One of the advantages of smart farms is the ability to supply agricultural products to urban consumers quickly and safely. Given that 46.8% of the rural population in Korea is over 60 years old, the smart farm industry needs to enhance its competitiveness through the integration of ICT (Information Communication Technology) and BT (Biotechnology) to address the decreasing agricultural population and the aging workforce [9].
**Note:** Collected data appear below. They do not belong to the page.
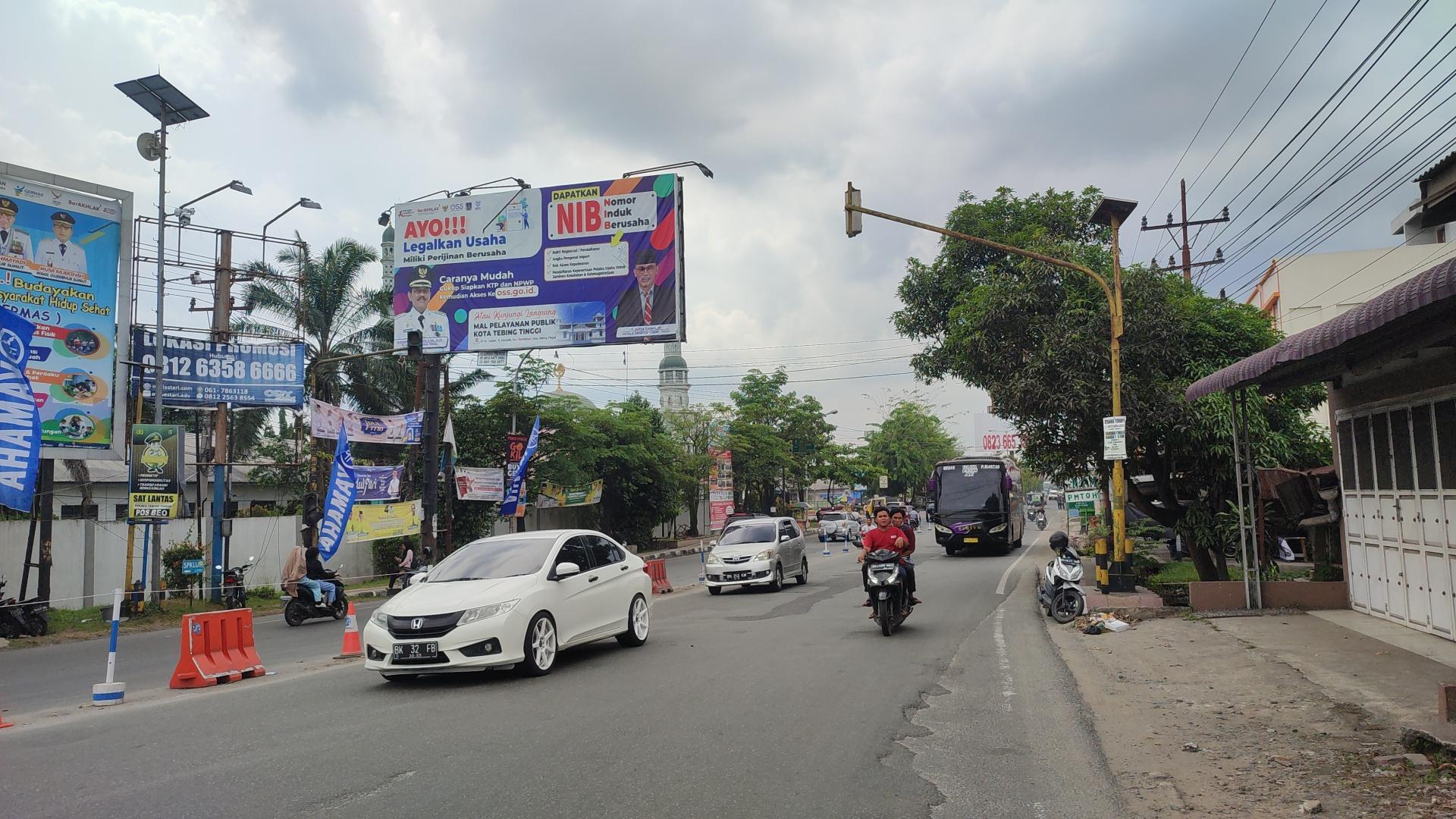 Kondisi lalu lintas di Kota Tebingtinggi musim arus balik mudik lebaran tampak ramai dan lancar
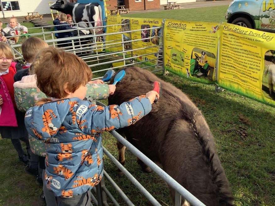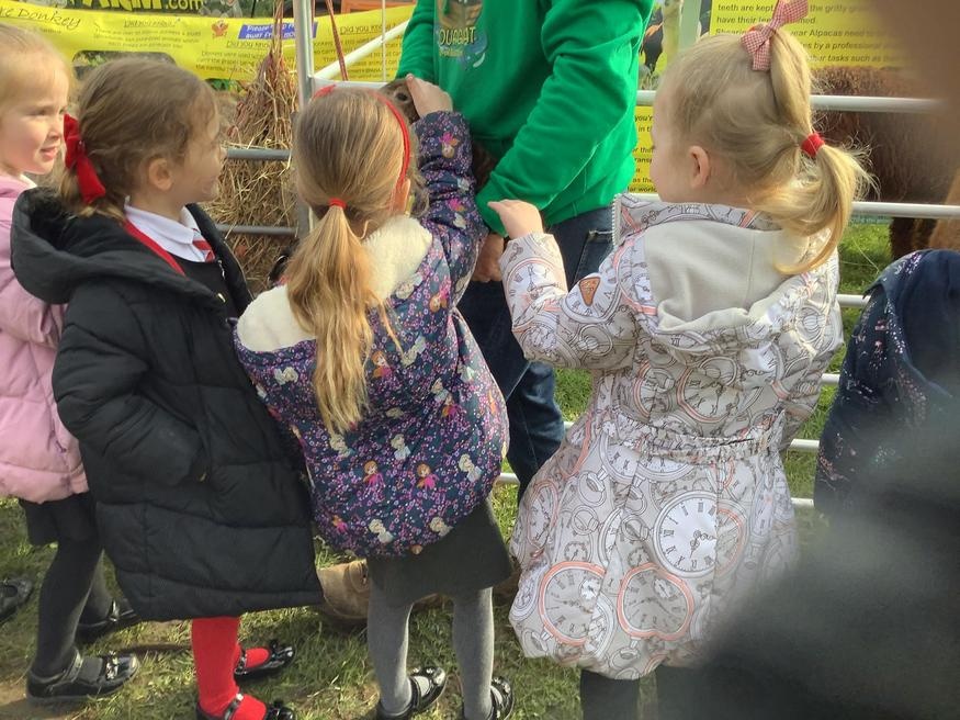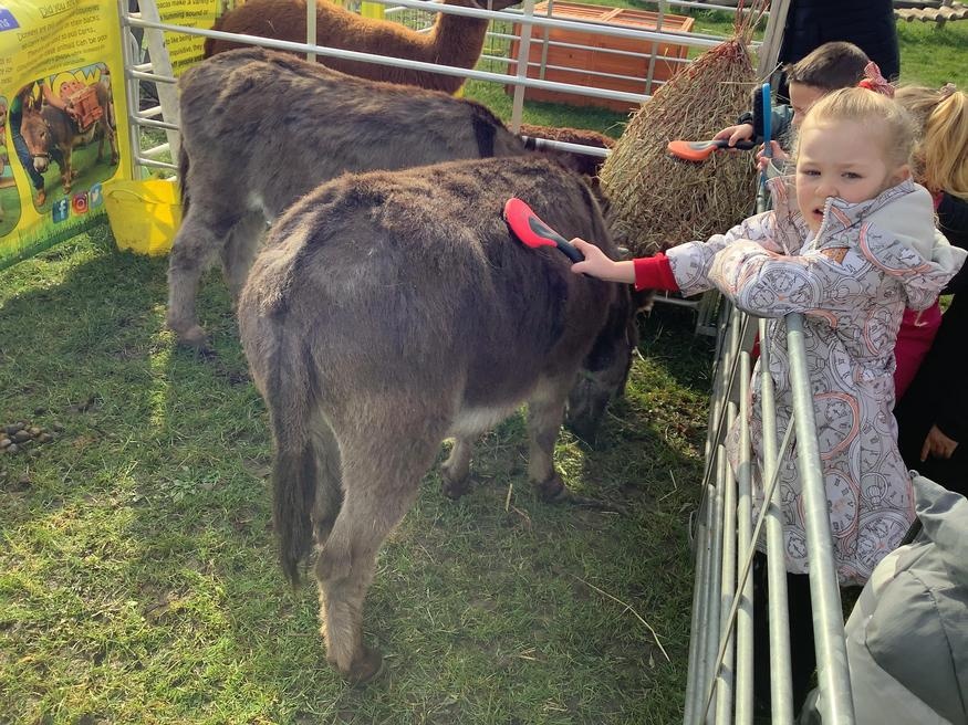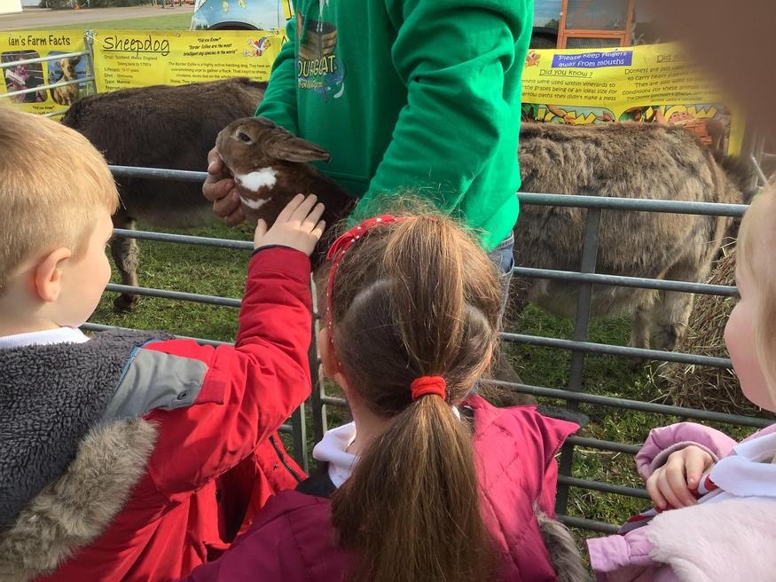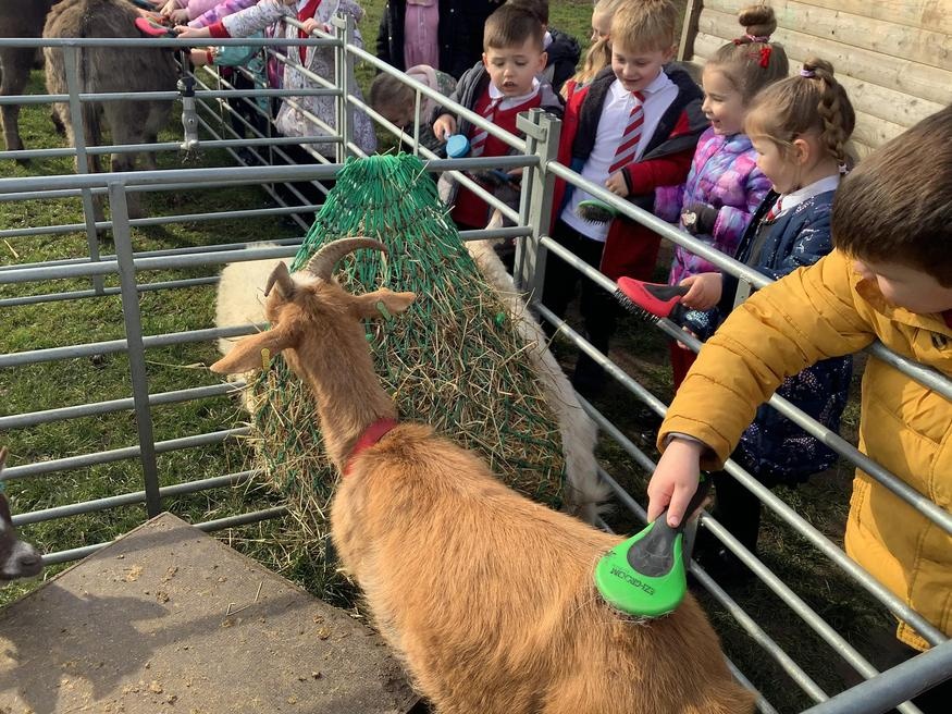 What an amazing day we have had ,we got to meet all the farm animals and stroke and groom them, We thought Benjamin Bunny was really soft to touch. Dotty the pig was very hungry and Meg the sheepdog really enjoyed it when we threw her ball for her to fetch.
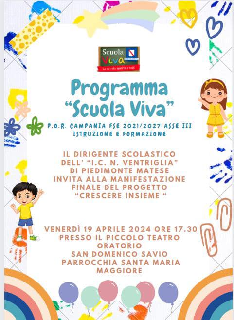 In questo caso, parliamo dell’IC Ventriglia di Piedimonte Matese che ha svolto la manifestazione finale del Progetto “CRESCERE INSIEME” il 19 aprile 2024, presso Il Piccolo Teatro Oratorio San Domenico Savio.
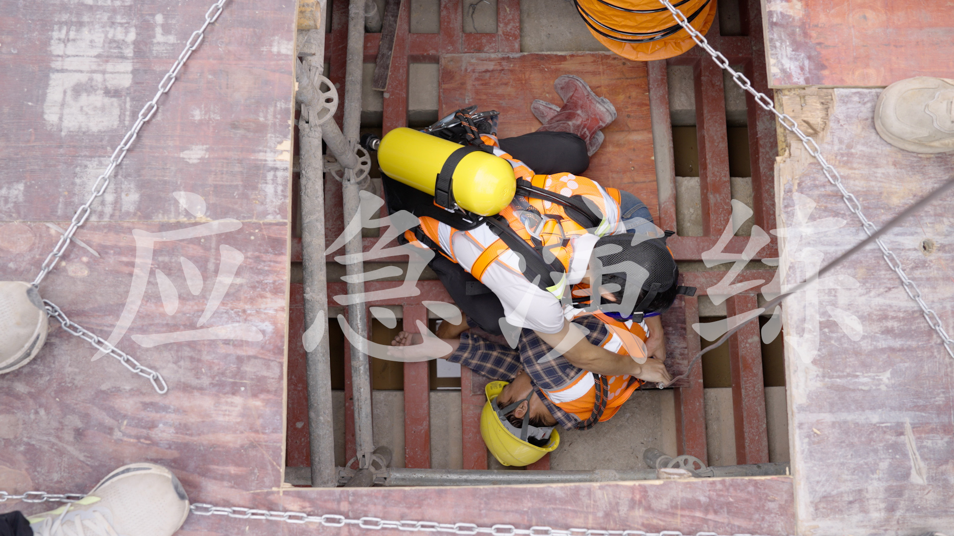 有限空間應(yīng)急演練環(huán)節(jié),模擬施工現(xiàn)場作業(yè)人員在消防水池內(nèi)發(fā)生氣體中毒窒息事故,現(xiàn)場管理人員立即報告給現(xiàn)場安全員,現(xiàn)場安全員到達現(xiàn)場后,發(fā)現(xiàn)中毒者無意識、無脈搏、無呼吸,立即上報項目經(jīng)理開展應(yīng)急救援,通過各小組的緊密協(xié)作,成功營救中毒窒息人員,使其脫離生命危險。

3.2. Tangerine Production and Fruit Distribution Market

Tangerines produced in the Jeju region are typically classified into various types based on cultivation methods: field-grown tangerines, greenhouse-grown tangerines, rain-sheltered field-grown tangerines, and late-harvest varieties such as Hallabong, Cheonhyehyang, and Jinjihyang. This study focuses on field-grown tangerines, which account for a significant portion of tangerine production but have faced declining cultivation areas and income. Specifically, the study aims to explore the potential contribution of supply stability in the storage sector, which is expected to play a role in stabilizing supply and demand [10,11].
Generally, prices of primary products like tangerines fluctuate daily, weekly, monthly, and seasonally. While price volatility research has been extensively conducted for vegetables and animal products, more research needs to be done on fruits like tangerines [12]. The changing domestic and international conditions have expanded the price determination function in the domestic agricultural market through intense competition, potentially leading to positive effects on resource allocation efficiency [13,14]. However, in the case of farm products like tangerines, without public sector intervention, complete price determination through perfect competition may exacerbate supply instability and price volatility due to factors such as seasonal changes and supply uncertainties [15]. Due to seasonal factors and supply instability, Jeju tangerines are characterized by significant annual price fluctuations. Therefore, since 1996, Jeju Special Self-Governing Province has implemented policies to regulate tangerine shipments through the “Ordinance on Tangerine Production and Distribution” [16].
High price volatility in agricultural markets increases uncertainty and risk, ultimately leading to income instability for farmers. Furthermore, price volatility can result in inefficient resource allocation and distortions in resource distribution and income redistribution functions. Thus, it negatively affects all economic agents involved in tangerine production, distribution, processing, and consumption [17].
Research on price volatility has mainly focused on financial assets in financial markets (exchange rates, interest rates, stock prices, etc.), with theoretical advancements achieved. However, despite relatively fewer studies conducted in agricultural markets, research in this field has progressed since the early 2000s, starting with Kang’s study [18], followed by research mainly focused on vegetable and animal product markets.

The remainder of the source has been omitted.